01:33fdobridge_: <redsheep> I've been attempting to set up tile based raster again, and I think I will have to leave this to one of the real experts. Deko3d definately has some of what is needed, but there's enough undocumented that I don't think it will be trivial to make an implementation that works across multiple different gpus.
01:34fdobridge_: <redsheep> If it helps anybody else though here's a table of tile sizes I gathered and calculations I did to try to sort this out.
01:34fdobridge_: <redsheep> https://cdn.discordapp.com/attachments/1034184951790305330/1195903753790959656/Trianglebin_Results.ods?ex=65b5af29&is=65a33a29&hm=9569e09649d1468728ae1a46276fa2116029d0bde716322540bbb04d25e567ca&
01:35fdobridge_: <redsheep> There's a really weird inconsistency where AD102 has twice the tile cache size at 4x and 8x msaa, but GP102 only doubles its cache size at 8x.
01:37fdobridge_: <redsheep> The effect is that tile sizes don't increase when going from 2 to 4 msaa on AD102, and don't increase when going from 4 to 8 on GP102
01:37fdobridge_: <redsheep> *don't decrease
01:41fdobridge_: <redsheep> All I can figure is that nvidia set these based on profiling the different chips, and likely what tile size gets used is not actually strict.
17:41fdobridge_: <gfxstrand> Yeah, probably. If it's anything like image tiling, the hardware probably automatically clamps if the tile size doesn't fit or something.
17:42fdobridge_: <gfxstrand> At least I hope so. That'd make it way easier to at least not crash the GPU.
18:06fdobridge_: <redsheep> Nvidia's 2017 gdc suggests that the rops are using the l2 cache, even calling out having a tile buffer as a "traditional architecture"
18:07fdobridge_: <redsheep> So if that hasn't changed then I expect tiles that are too large would just result in poor data locality
18:08fdobridge_: <redsheep> The part that's really puzzling about that is that pascal and ampere seem to use tile sizes that could not possibly fit in their l2 cache, though the original Maxwell implementation would and ada would, by my math
18:10fdobridge_: <redsheep> Maybe their driver knows the test program has no shaders that would pick out single fragments, so it optimizes away storing them all? It's weird.
18:16fdobridge_: <redsheep> On second thought that doesn't explain it at all, it still seems impossibly large at 1 sample. Maybe Nvidia added a tile buffer after all?

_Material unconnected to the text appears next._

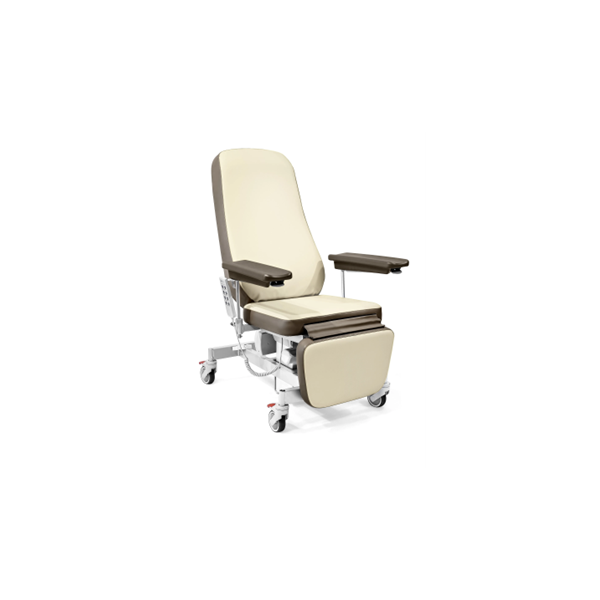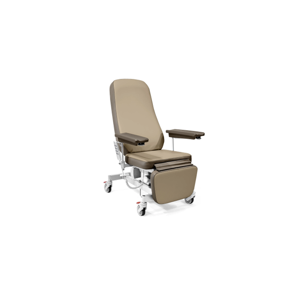 Popolnoma električni terapevtski in negovalni stol z nastavljivo višino. Večfunkcijska ročna upravljalna enota omogoča nastavitev višine, naslonjala za hrbet, naslonjala za noge in položaja Trendelenburg.

18:40fdobridge_: <karolherbst🐧🦀> pascal has a L2 cache of up to 4MB, right?
18:41fdobridge_: <pac85> That's what happens on amd fwiw
18:41fdobridge_: <pac85> ROPs are L2 clients
18:43HdkR: ROPs and L2 interaction has changed since 2017, don't worry about that :)
19:59EisNerd: is there a reason, that mesa with opencl and nouveau stopped building with 23.2?

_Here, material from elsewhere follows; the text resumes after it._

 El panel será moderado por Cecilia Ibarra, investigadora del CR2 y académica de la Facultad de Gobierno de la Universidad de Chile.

20:00EisNerd: see here https://bugs.gentoo.org/921658
20:44EisNerd: hi
21:42fdobridge_: <redsheep> GP102 has 256KB per 32 but memory controller, so 2.75 MB on the 1080ti I was testing
21:56EisNerd: someone an idea, why mesa (nouveau) does not build, when opencl is enabled during configure?

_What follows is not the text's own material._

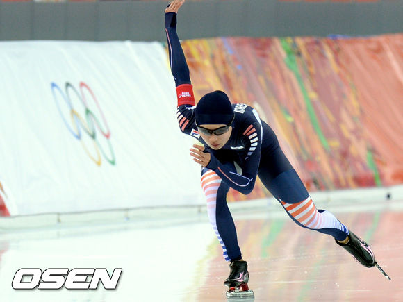 13일(한국시간)러시아 소치 아들레르 아레나에서 열린 2014 소치올림픽 스피드스케이팅 여자 1000m 경기, 박승주가 경기에 임하고 있다.
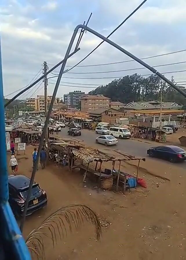 street scene in what appears to be a developing country. The viewpoint is from an elevated position, possibly a building. The street is dirt and lined with small, makeshift structures that appear to be shops or stalls. Several people are visible, some standing around and others sitting under umbrellas. There is a fair amount of vehicular traffic, including cars, vans, and other vehicles. In the background, there are buildings of varying sizes and heights, as well as trees. Overhead, there are numerous power lines. The sky is cloudy. Overall, the scene depicts a typical busy street in a less developed area.

22:27RSpliet: EisNerd: no idea, but the missing references are all vl
22:36RSpliet: and either way this sounds like a distro support question rather than an upstream issue at this point
22:42fdobridge_: <redsheep> Oh I guess I should also mention, part of my logic in ending my journey down the tile based raster rabbit hole, at least for now, is that if my math is right then it is not a big factor, at least on Ada right now. With 32 BPP and no MSAA then an entire 4096x4096 "tile" could fit in the L2, assuming that is what it is even doing, meaning that rendering immediate mode at 4k should not be an issue at all.
22:42fdobridge_: <redsheep> The worse data locality could still explain higher MSAA being a bigger than expected performance hit though.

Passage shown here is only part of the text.